Examples of filler particles includes calcium carbonate, dolomite,
dolomitic limestone or combinations thereof. In addition to the
solid or filler particles, the liquid may also include as part of
its composition a binder and/or a pigment, as desired by design
choice for a particular coating application. Examples of binders
that may be included in the liquid include natural polymers,
modified natural polymers, synthetic polymers and combinations
thereof. The synthetic polymers are formed from the following
monomers: vinyl acetate, vinyl propionate, vinyl butyrate,
ethylene, vinyl chloride, vinylidine chloride, vinyl fluoride,
vinylidine fluoride, ethyl acrylate, methyl acrylate, propyl
acrylate, butyl acrylate, ethyl methacrylate, methyl methacrylate,
butyl methacrylate, hydroxyethyl methacrylate, styrene, butadiene,
urethane, epoxy, melamine, ester, and combinations thereof. U.S.
Pat. No. 7,033,963, the disclosure of which is incorporated herein
by reference in its entirety, describes other examples of liquids
that may be used with the coating system described below. The
coating system may also be used with other types of liquids (and
liquid compositions), other than those referenced herein.
[0024] Turning in detail to FIG. 1, a vacuum coating system 11
includes a vacuum tank 13 and a paint feed apparatus 15, and both
are coupled to an edge-coating applicator head 17. The applicator
head 17 is arranged adjacent a conveyor 21 which transports
workpieces 23 past the applicator head 17, in a transport
direction, TD, so that the edges 25 of the workpieces 23 can be
coated.

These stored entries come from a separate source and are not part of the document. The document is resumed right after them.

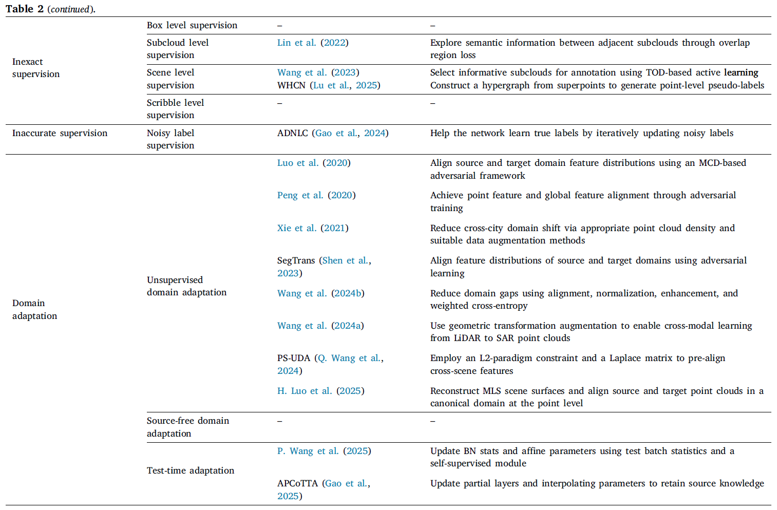 一是不完全监督,利用极少量精确标注和海量无标签数据,涵盖了半监督学习中的伪标签与一致性正则化、稀疏监督、主动学习以及小样本学习。二是不确切监督,利用粗粒度的包围框、场景级标签或涂鸦标签来替代逐点精确标注,从而大幅降低标注成本。三是不准确监督,应对包含错误或噪声的标签数据,通过置信度过滤、多视角投票和噪声自适应校正等方法提升模型的鲁棒性。四是跨域自适应与泛化,核心目标是在标注稀缺或不可获取的条件下,实现模型在不同场景间的有效迁移。该方向主要面向跨传感器平台、跨地区以及跨季节等复杂分布差异带来的迁移难题,涵盖无监督领域自适应、无源领域自适应、测试时自适应以及更为严苛的领域泛化等技术路径。
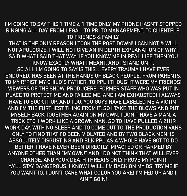 She wrote in another post: “Shout out to the dummies that broke into my truck with all of my production equipment, my talent wardrobe, and props in it! I watched the surveillance footage with LAPD. And I had the cars dusted for fingerprints! Don’t ever ask me why I don’t like blk ppl! This is why! Just dumb. Dusty. Ditsy. Deaf. Broke. And lazy for no reason! I work too hard. And it wasn’t enough for you to just rob me. You had to trash the trucks, leave the doors open so the lights were on, and the car batteries died. On top of that… you stole my seeing glasses. Complete wastes of life! And let’s let Circa know they need cameras on floors 3-5! Protect your public patrons [sic].”
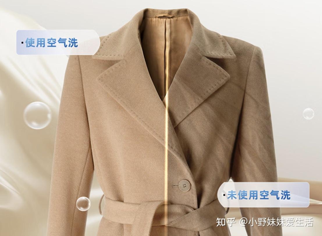 如果是吃完火锅后想快速清除衣物上的异味,它还支持“微蒸空气洗”。这个功能通过360度循环的微蒸汽热风,深入到衣物纤维里,就像给你的衣服做了一场蒸汽桑拿。不仅能去除异味、抚平皱纹,还能让衣服变得蓬松柔软,甚至能除潮,换季时把压箱底的衣物拿出来选空气洗,不用沾水就能塑形。
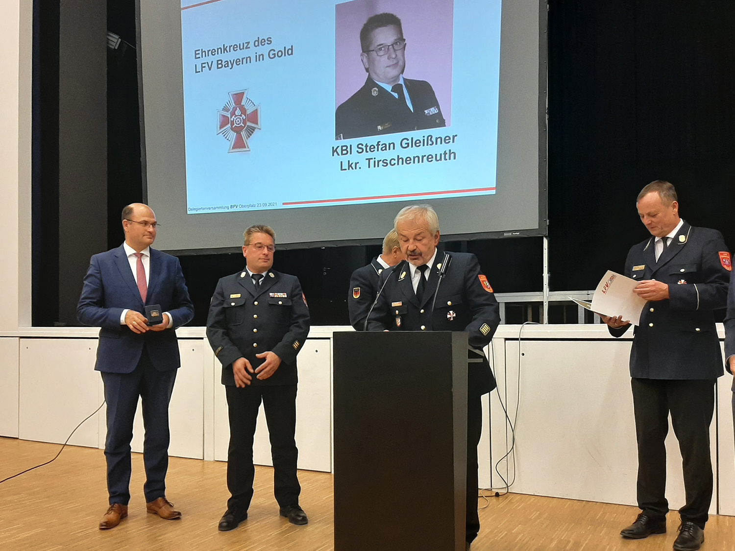 KBI Stefan Gleißner wurde auf Vorschlag des Kreisfeuerwehrverbandes Tirschenreuth mit dem goldenen Ehrenkreuz des Landesfeuerwehrverbandes ausgezeichnet.
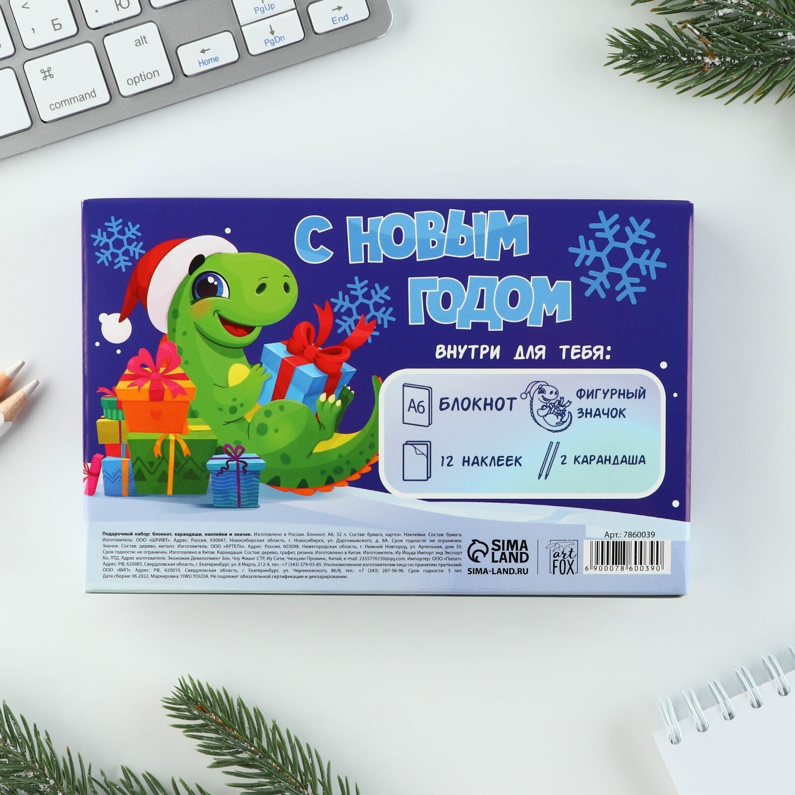 !09 Комплект из 2-х наборов - Подарочный набор новогодний, блокнот, карандаши простые 2 шт., наклейки, значок «Волшебный набор»
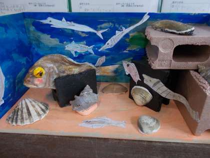 算数の授業の様子です。10より大きい数の学習をしていました。教室には夏休みの作品が展示されています。
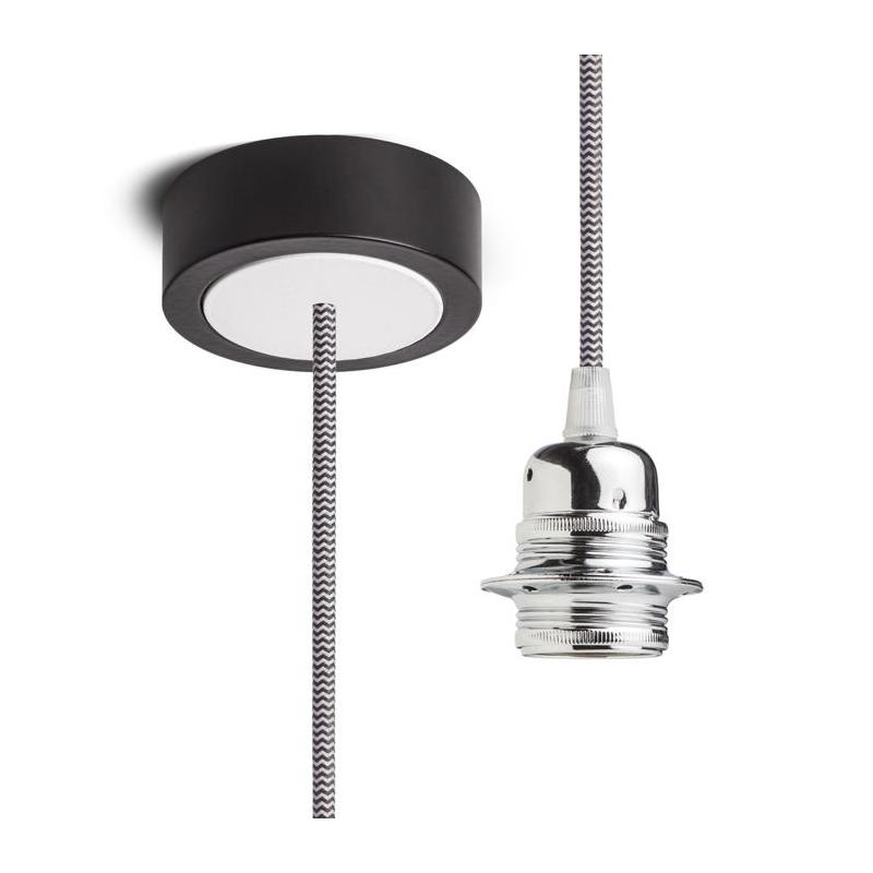 Zestaw wiszący z lakierowaną aluminiową podstawą metalowym gniazdkiem E27 i tekstylnym kablem. Nadaje się do użytku indywidualnego lub do zawieszenia lekkich abażurów. Polecane abażury: ARISTA DELI JAKARANDA DOUBLE 40/30 DOUBLE 55/30 ASPRO 40/30 RON 40/25 RON 55/30 RON 60/19 TEMPO 30/19 TEMPO 50/19.
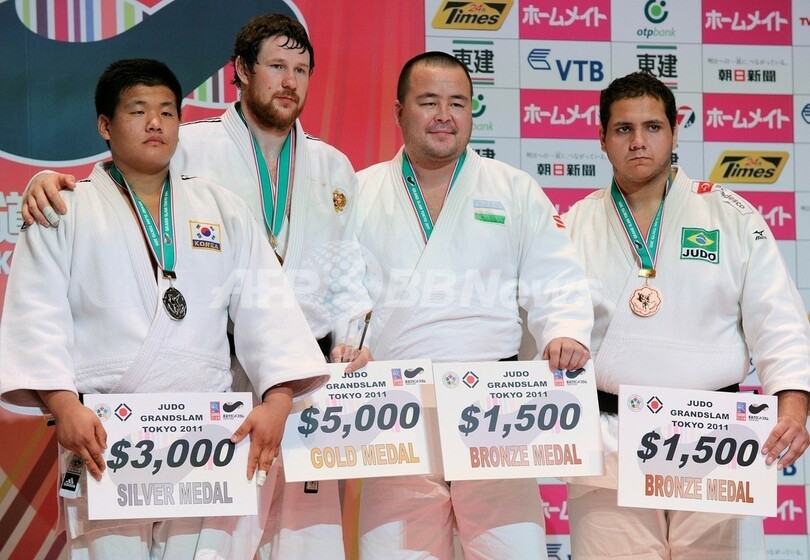 男子100キロ超級の表彰式に臨む(左から)2位に入った韓国のチョ・グハン(Cho Guham)、優勝したロシアのアレクサンダー・ミハイリン(Alexander Mikhaylin)、3位に入ったブラジルのアブドゥロ・タングリエフ(Abdulllo Tangriev)とウズベキスタンのラファエル・シルバ(Rafael Silva、2011年12月11日撮影)。(c)AFP/Toru YAMANAKA
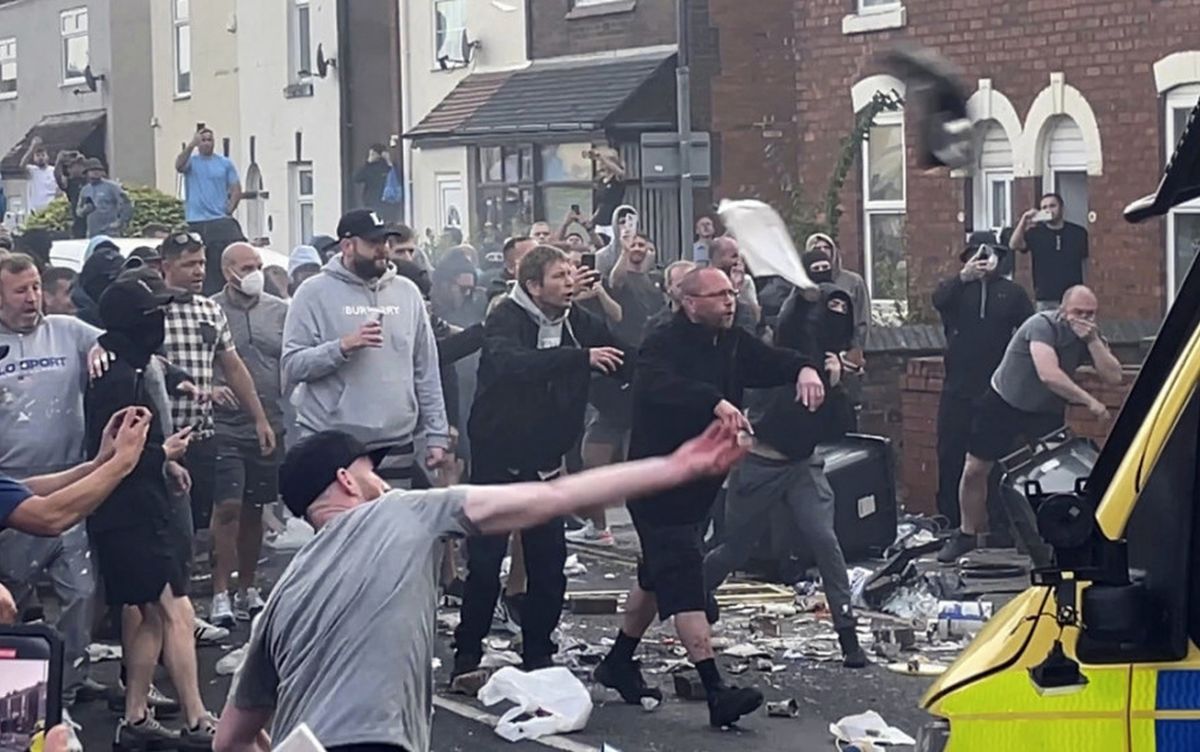 Policija je dodala da je nasilna grupa zapalila policijski kombi, a pored je bilo prisutno nekoliko automobila pristalica Engleske odbrambene lige, kranje desničarske grupe, dok su neredi bili motivisani glasinama o identitetu tinejdžera uhapšenog zbog zločina.
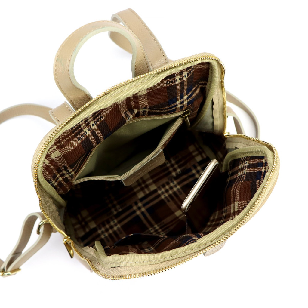 Średniej wielkości plecak z naturalnej, miękkiej włoskiej skóry. Plecak ma budowę jednokomorową, wykończoną trwałą podszewką, wyposażoną w kieszonkę zapinaną na suwak i kieszeń na telefon. Całość zamykana jest dwusuwakowym zamkiem błyskawicznym. Na froncie plecaka znajduje się jeszcze pionowa, zapinana suwakiem, kieszonka. Z tyłu wszyto jeszcze jedną dodatkową kieszonkę.
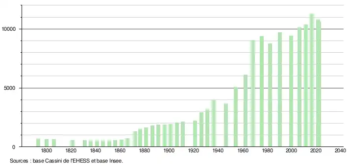 - ↑ Fiches Insee - Populations de référence de la commune pour les années 2006, 2007, 2008, 2009, 2010, 2011, 2012, 2013, 2014, 2015, 2016, 2017, 2018, 2019, 2020, 2021 et 2022.
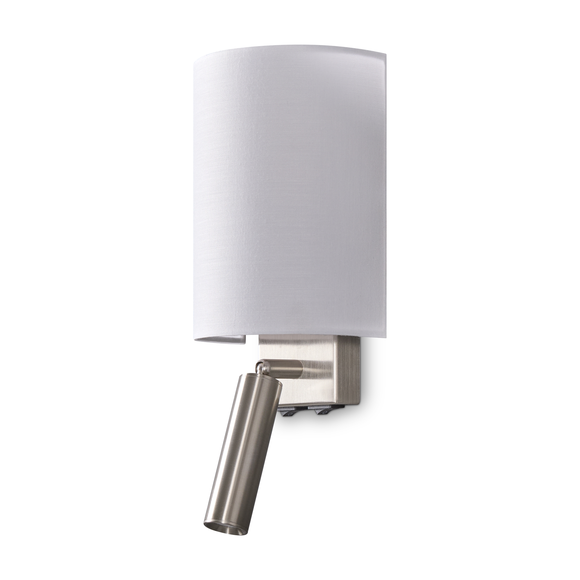 Цилиндрической формы абажур из ткани белого цвета. Декоративная парящая окантовка из металла в цвет арматуры. Регулируется по длине. Компактные размеры подходят для низких потолков и небольших интерьеров. Металлическая арматура, цвет - латунь и никель. Источник света — лампа с цоколем Е14, E27 и для настенного бра дополнительный LED с температурой свечения 3000 K.

The paint feed apparatus 15 feeds paint through conduits 27
into the applicator head 17, and the vacuum tank 13 establishes a
vacuum through a vacuum line 29 coupled to the back side of the
applicator head 17. The operation of such a vacuum coating system
11 is known in the art, and background details may be found in U.S.
Pat. No. 5,298,072, the disclosure of which is incorporated herein
by reference in its entirety. A steam manifold 31 may be affixed to
the applicator head 17. The steam manifold 31 is coupled to a steam
source 33 by steam supply conduits 35. The steam manifold 31 may be
included to maintain a moist environment in and around the
applicator head 17 in order to help avoid a build-up of dried paint
during operation.
[0025] FIG. 2 shows a detailed view of the applicator head 17,
which includes a manifold shell 41 around which is disposed the
steam manifold 31. Steam may be directed into the steam manifold 31
by connecting a steam conduit to inlet ports 37. The manifold shell
41 supports two applicator manifolds 43, 45, each of which is
affixed to one of two opposing side shell plates 47. Both
applicator manifolds 43, 45 are removably affixed to the side shell
plates 47 by bolts passing through the shell plates 47 and into
threaded holes provided in each applicator manifold 43, 45, thereby
facilitating maintenance and replacement of the applicator
manifolds as needed. Each shell plate 47 includes a shell aperture
49 which is positioned to align with a corresponding manifold
aperture in each of the applicator manifolds 43, 45. Top and bottom
covers 51, 53 are secured, respectively, to the top and bottom
shell plates 55, 57 of the manifold shell 41. Each top and bottom
cover 51, 53 includes a face plate 59, 61 which extends over both
of the applicator manifolds 43, 45, and each may include an
additional steam port 63 through which steam may be directed
between the two applicator manifolds 43, 45.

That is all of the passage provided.